PPRuNe Forums

PPRuNe Forums (https://www.pprune.org/)
-   ATC Issues (https://www.pprune.org/atc-issues-18/)
-   -   All London airspace closed (https://www.pprune.org/atc-issues/552783-all-london-airspace-closed.html)

aerobelly 13th Dec 2014 18:15

What is needed is a serious level IT expert to be ready to comment on technical explanations as they come through. Any offers?

This article in The Register seems to have expert comments from within NATS. Anonymously of course.

REVEALED: Titsup flight plan mainframe borks UK air traffic control ? The Register

DaveReidUK 13th Dec 2014 18:20


a responsible delinquent line of code has been discovered in amongst 4 million lines of code
So we can rest assured that the next time the Swanwick system goes t*ts-up, it will have been down to one of the remaining 3,999,999 lines ...

EEngr 13th Dec 2014 19:44

From The Register:


"Invariably someone puts a flight plan wrong and it borks* the system," one source told El Reg on condition of anonymity.
That should never happen.

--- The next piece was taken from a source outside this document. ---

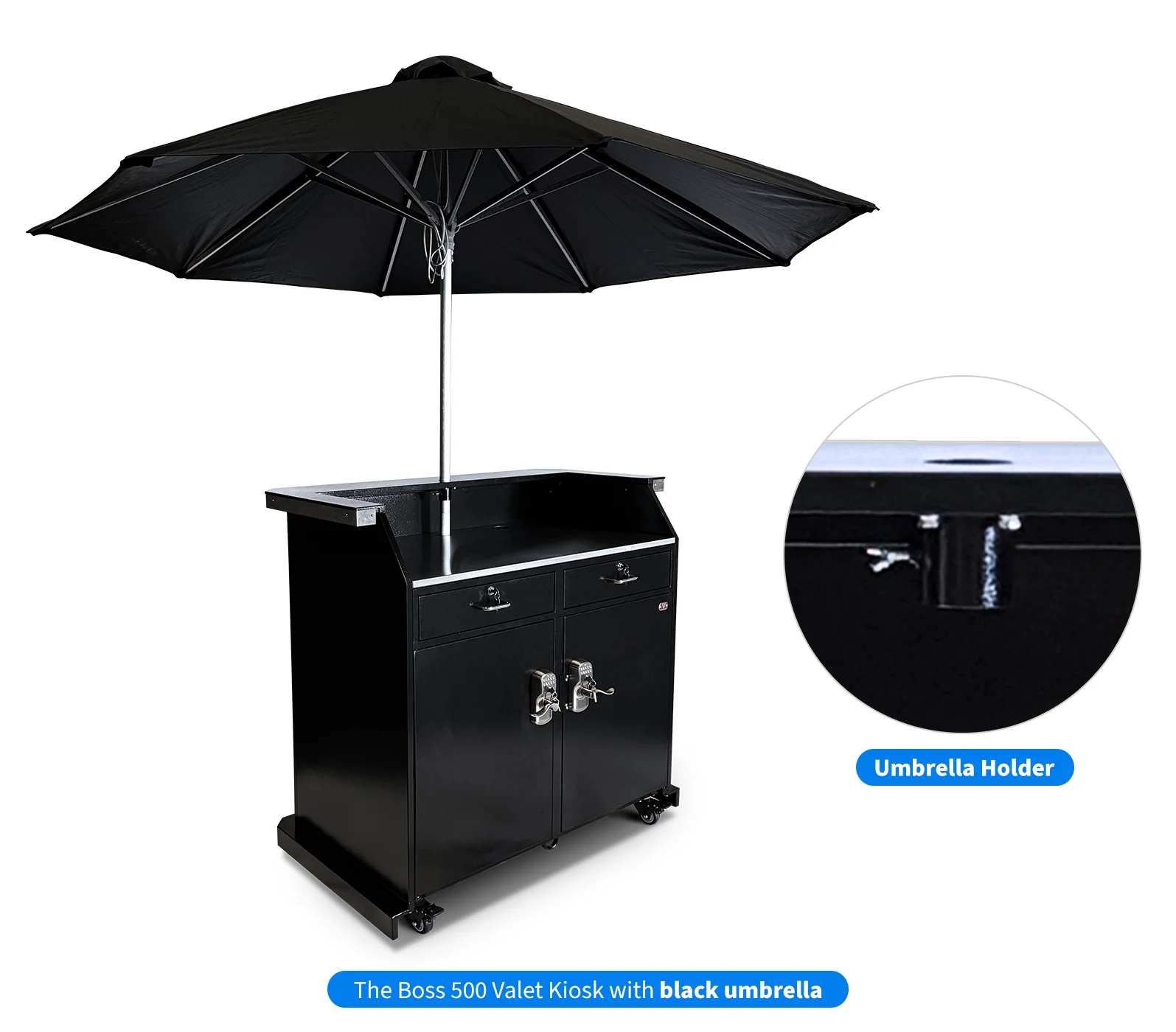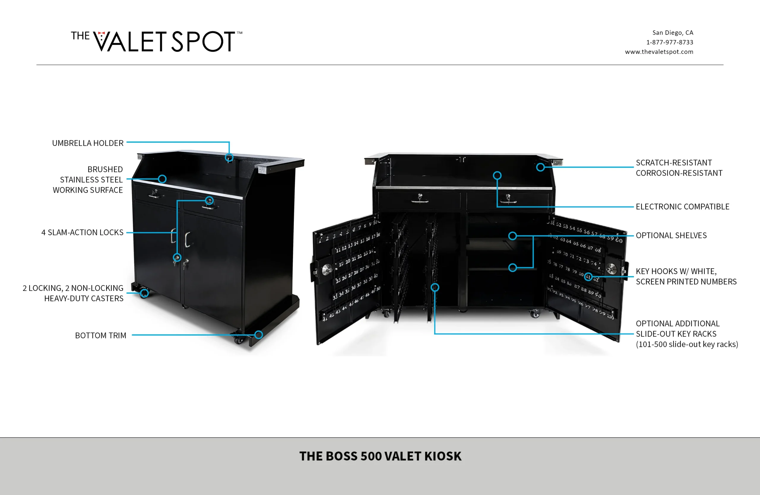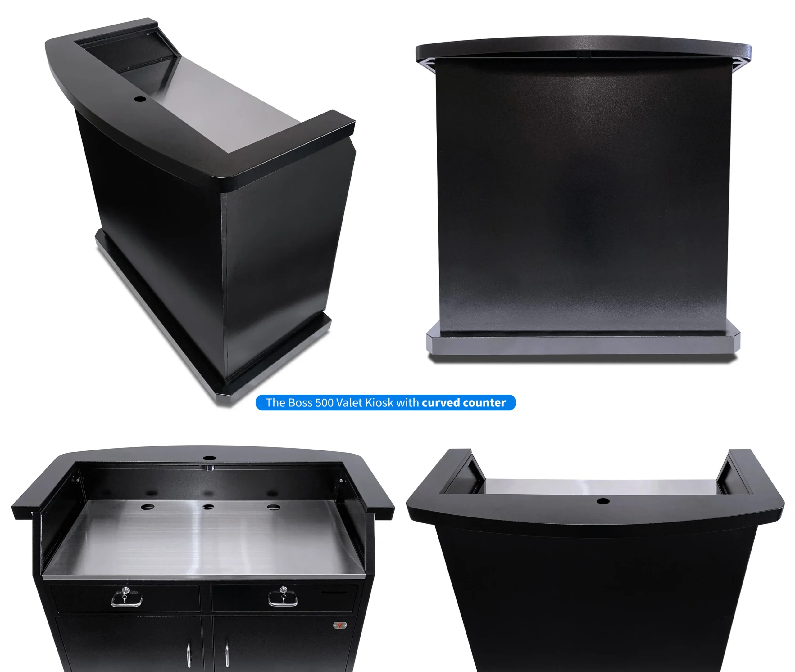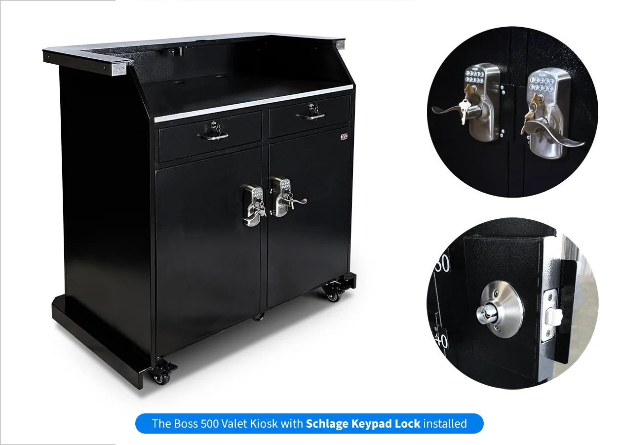 Meet the Boss Valet Kiosk: A high volume industry titan capable of securely managing up to 500 keys thanks to chic and intuitive slide-out key racks. Unmatched Capacity is just the start. The Boss – inspired by our iconic Professional Kiosk – offers essential standard features, including durable stainless steel construction, high-visibility key hooks with white screen printed numbers, and an attractive brushed stainless steel working surface. Plus, the Boss Valet Kiosk embodies the industry-leading excellence of The Valet Spot with popular upgrades like Schlage keypad locks, trim color, a curved counter, an LED kit, and more.

And (hopefully) the bits that fly the planes are built to a higher standard. One would expect a well written application to skip over the bad data, raise an alarm, log it, but keep going. Something like dividing by zero (Sunk by Windows NT one of my favorite SNAFU examples of poor system implementation) should never lock up an operating system. In a well written app, it shouldn't even slow down processing of the remaining good data.

Part of the problem is cultural. The people who do mainframes have historically guarded their domain from systems engineers and real time software experts. For people who did things like payroll systems, it was acceptable to print the crash report, go through the data and re-punch the defective card. And then run it again. That's just not going to cut it in real time.

*And quit picking on poor Judge Bork.

crewmeal 13th Dec 2014 19:53

So why on earth should airlines have to fork out compensation claims when it was nothing to do with them? Perhaps they should sue NATS for all the extra night stops crews will 'enjoy'

Passengers will be able to sue airlines over three-hour delays | Money | The Guardian

slip and turn 13th Dec 2014 20:00


Richard Deakin, CEO, NATS, ... muttered stuff about upgrading resilience.
Upgrade ? Yes my first thought.
Resilience? Yes my second thought. Resilience to previously unanticipated airspace incursions perhaps?

Lots of those making the headlines recently.

Flight planning server fell over, did it? What sort of significant traffic provides no flight plans?

Flight_Plan=Null would need some error handling in the code, throughout the entire 4 million lines, not just the bit some bright spark upgraded in isolation yesterday :hmm:

Or maybe they hadn't been upgrading resilience, but it's done now :ok:

Just a couple of thoughts ...

eglnyt 13th Dec 2014 20:05


That should never happen. And (hopefully) the bits that fly the planes are built to a higher standard.
They are actually built to the same standard but it's a standard that allows different degrees of rigour depending upon the criticality of the component being produced.


One would expect a well written application to skip over the bad data, raise an alarm, log it, but keep going.
Exactly how does that work in a near real time system when the data actually represents a real life event? That bit of data is bad so I'll just skip over it , send an e-mail to someone and keep going. Do you tell the controller? If so how long do you think it will be before he decides I'm not sure I can trust this I'd better put some traffic restrictions in? If not who becomes accountable when something bad happens because the information the controller is seeing doesn't actually reflect real life?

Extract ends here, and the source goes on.